While replying to the discussions on the Budget for 2002-03 in the Lok Sabha, the Finance Minister, Mr Yashwant Sinha, stated that out of the total revenue expenditure, 48 per cent was accounted for by interest payments, 26 per cent by defence and 16 per cent by subsidies. Since nearly half of the revenue expenditure is spent on interest charges, one could presume that the Government's debt commitment is extremely high.

It is, therefore, time to review the advisability of entering into further debt commitments for some time and also to critically examine the utilisation of the amounts already raised, to ensure that they are spent in a most advantageous manner.
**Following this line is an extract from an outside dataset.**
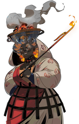- Пламенный венок на голове, символизирующий её божественное начало, подобно другим членам её семьи;

The situation calls for the institution of a mechanism in every Ministry or Department to undertake such periodic reviews so as to ensure a satisfactory progress vis--vis expenditure and to prevent cost overruns.

The Budget proposed steep upward revision of costs of cooking gas, kerosene and postal stationeries. The intention is to reduce the subsidy element progressively. However two factors appear to have been not considered in the issue. Fundamentally, subsidies are meant to ease the burden of the not-so-well-to-do sections of the society. However, in the case of cooking gas, the price charged is the same, irrespective of the financial status of the consumer. As a result, the subsidy reaches unintended and untargeted destinations among the people.

There is therefore, a case for a graded pricing system. Second, kerosene is now being used as a fuel only by the poorer sections and its price should not have been hiked. In comparison, petrol is mostly used by economically better-placed people.